## EXERCISE OBJECTIVE
The answer must consist of every line in the data that contains "surfaces".

## DATA FOR REVIEW
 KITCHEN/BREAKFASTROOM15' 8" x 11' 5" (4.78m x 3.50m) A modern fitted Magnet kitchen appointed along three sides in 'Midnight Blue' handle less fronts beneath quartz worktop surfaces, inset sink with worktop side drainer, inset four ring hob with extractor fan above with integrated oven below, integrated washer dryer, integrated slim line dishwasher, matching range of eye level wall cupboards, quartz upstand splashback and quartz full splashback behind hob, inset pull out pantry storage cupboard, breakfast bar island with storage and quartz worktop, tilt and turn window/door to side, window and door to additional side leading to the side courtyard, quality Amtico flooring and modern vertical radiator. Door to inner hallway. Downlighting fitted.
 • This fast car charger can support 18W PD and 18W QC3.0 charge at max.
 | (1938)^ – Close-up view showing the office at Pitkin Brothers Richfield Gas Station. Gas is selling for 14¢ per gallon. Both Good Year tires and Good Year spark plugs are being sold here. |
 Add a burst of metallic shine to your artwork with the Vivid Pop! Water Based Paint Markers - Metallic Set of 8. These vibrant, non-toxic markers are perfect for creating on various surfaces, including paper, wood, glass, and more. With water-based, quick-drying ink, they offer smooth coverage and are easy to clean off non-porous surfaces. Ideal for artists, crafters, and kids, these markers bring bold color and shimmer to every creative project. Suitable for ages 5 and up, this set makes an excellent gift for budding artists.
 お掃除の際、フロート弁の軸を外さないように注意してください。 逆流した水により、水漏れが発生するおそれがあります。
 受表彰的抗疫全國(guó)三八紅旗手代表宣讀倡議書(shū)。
* * *
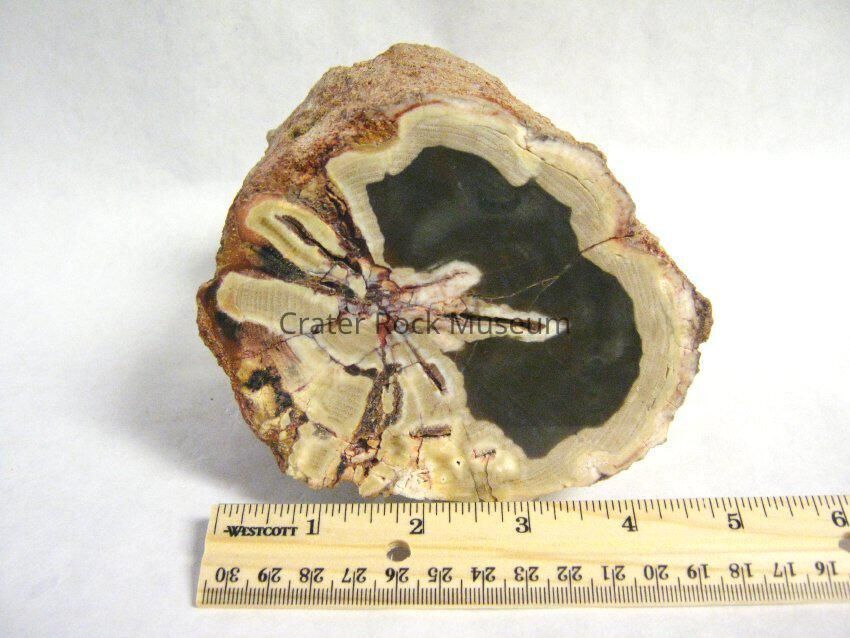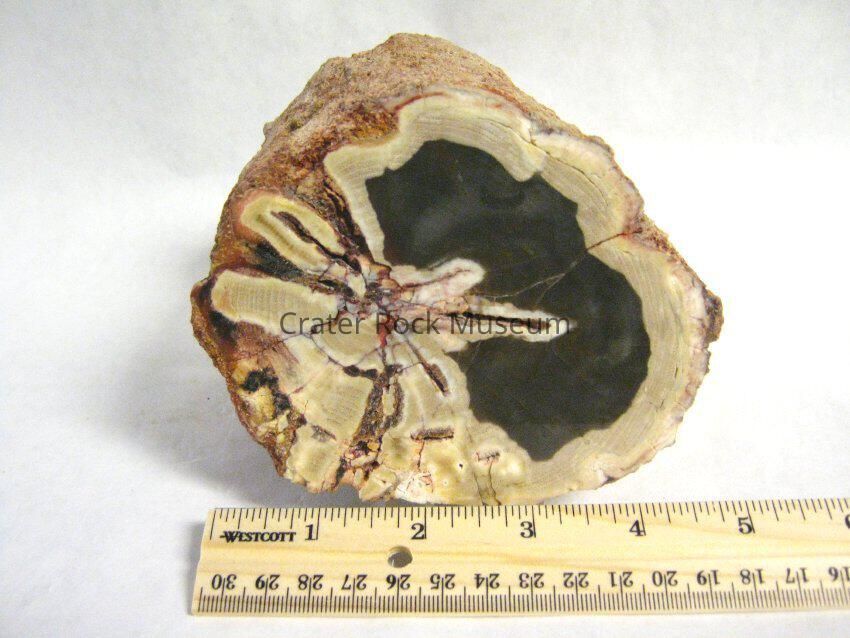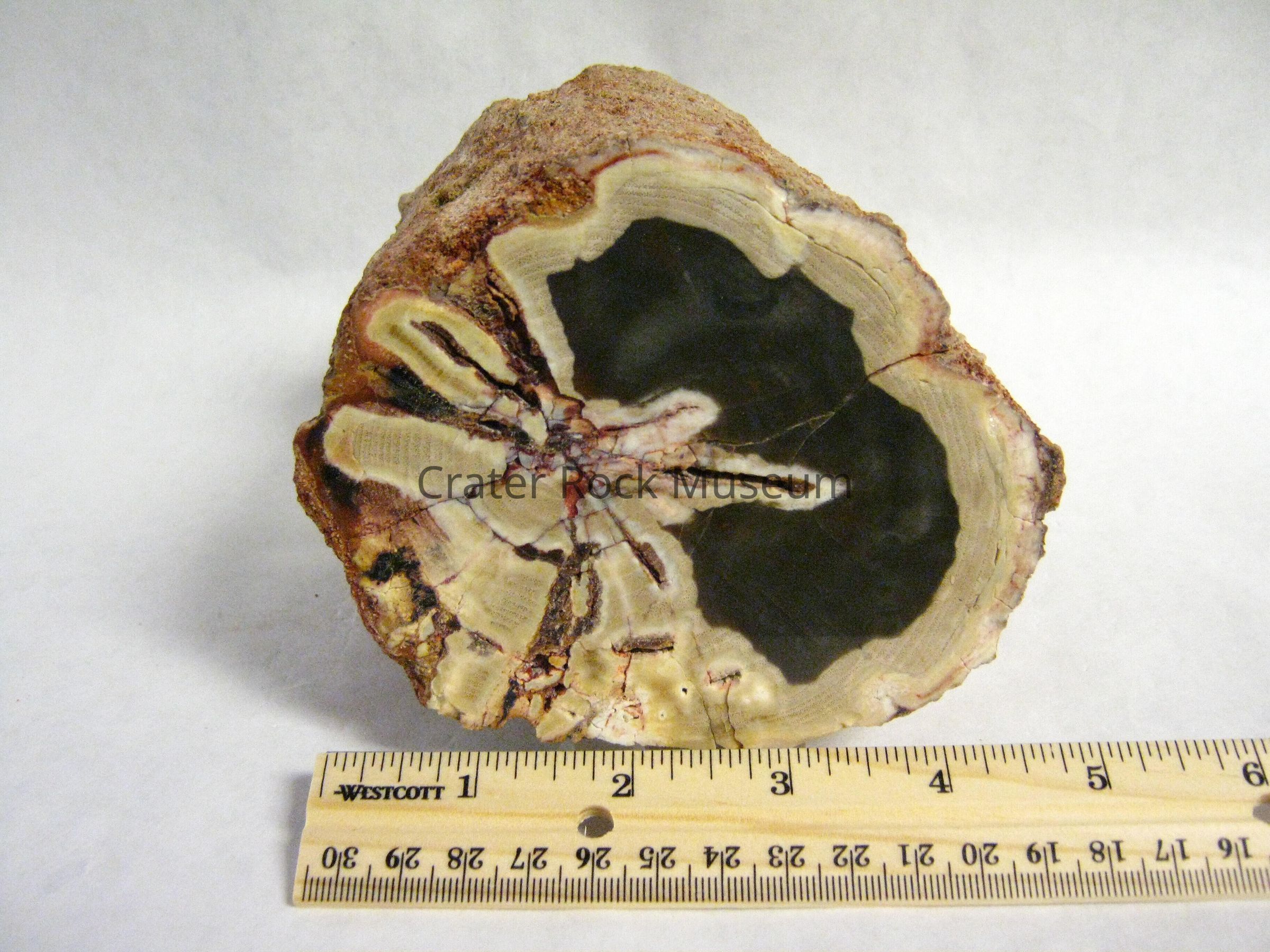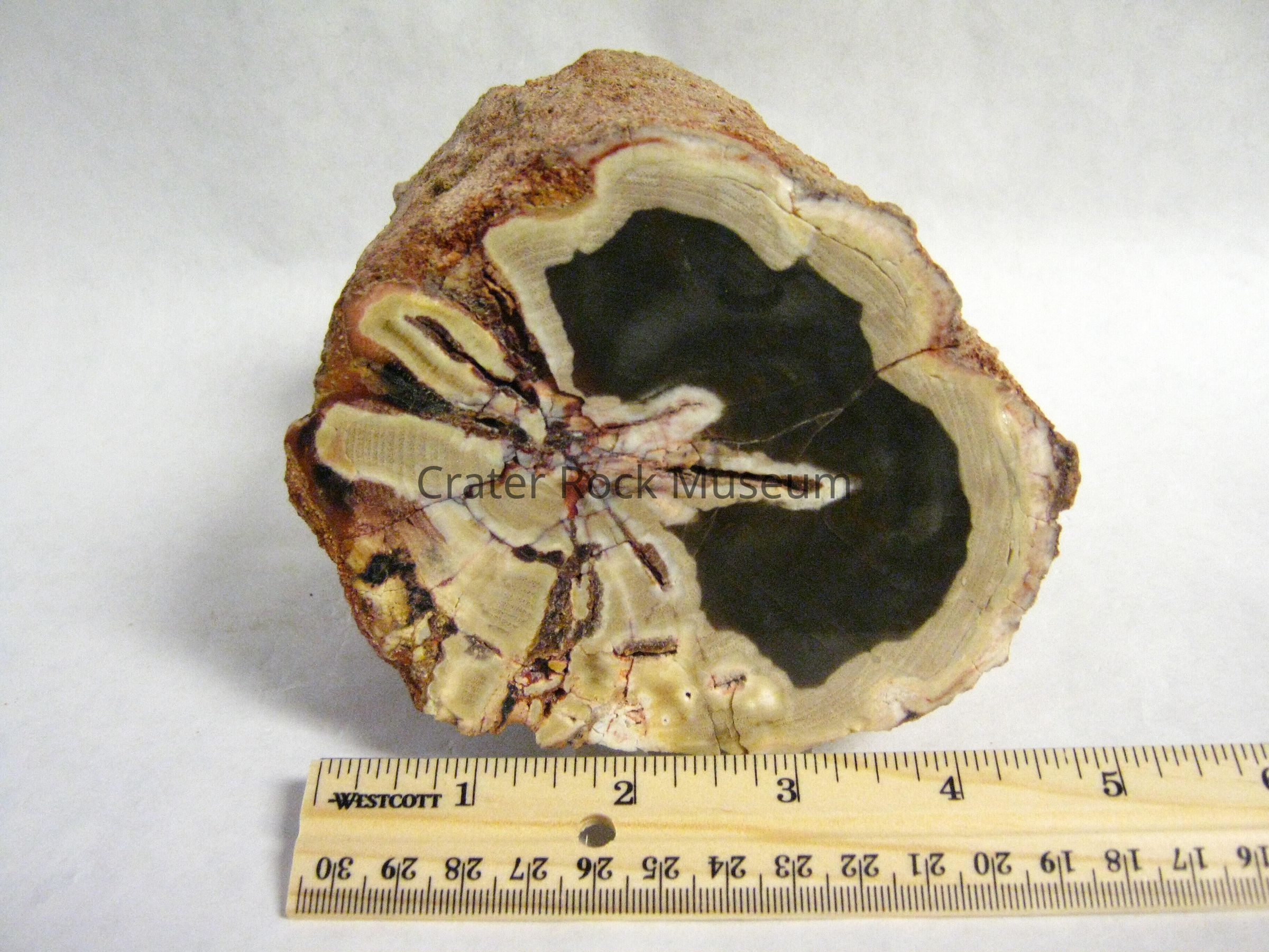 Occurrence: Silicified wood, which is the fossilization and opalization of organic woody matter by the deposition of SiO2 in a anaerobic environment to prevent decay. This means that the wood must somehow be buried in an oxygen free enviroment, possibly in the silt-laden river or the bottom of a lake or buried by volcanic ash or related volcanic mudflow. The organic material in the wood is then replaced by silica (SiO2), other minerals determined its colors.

## RESULT OF THIS EXERCISE
 KITCHEN/BREAKFASTROOM15' 8" x 11' 5" (4.78m x 3.50m) A modern fitted Magnet kitchen appointed along three sides in 'Midnight Blue' handle less fronts beneath quartz worktop surfaces, inset sink with worktop side drainer, inset four ring hob with extractor fan above with integrated oven below, integrated washer dryer, integrated slim line dishwasher, matching range of eye level wall cupboards, quartz upstand splashback and quartz full splashback behind hob, inset pull out pantry storage cupboard, breakfast bar island with storage and quartz worktop, tilt and turn window/door to side, window and door to additional side leading to the side courtyard, quality Amtico flooring and modern vertical radiator. Door to inner hallway. Downlighting fitted.
 Add a burst of metallic shine to your artwork with the Vivid Pop! Water Based Paint Markers - Metallic Set of 8. These vibrant, non-toxic markers are perfect for creating on various surfaces, including paper, wood, glass, and more. With water-based, quick-drying ink, they offer smooth coverage and are easy to clean off non-porous surfaces. Ideal for artists, crafters, and kids, these markers bring bold color and shimmer to every creative project. Suitable for ages 5 and up, this set makes an excellent gift for budding artists.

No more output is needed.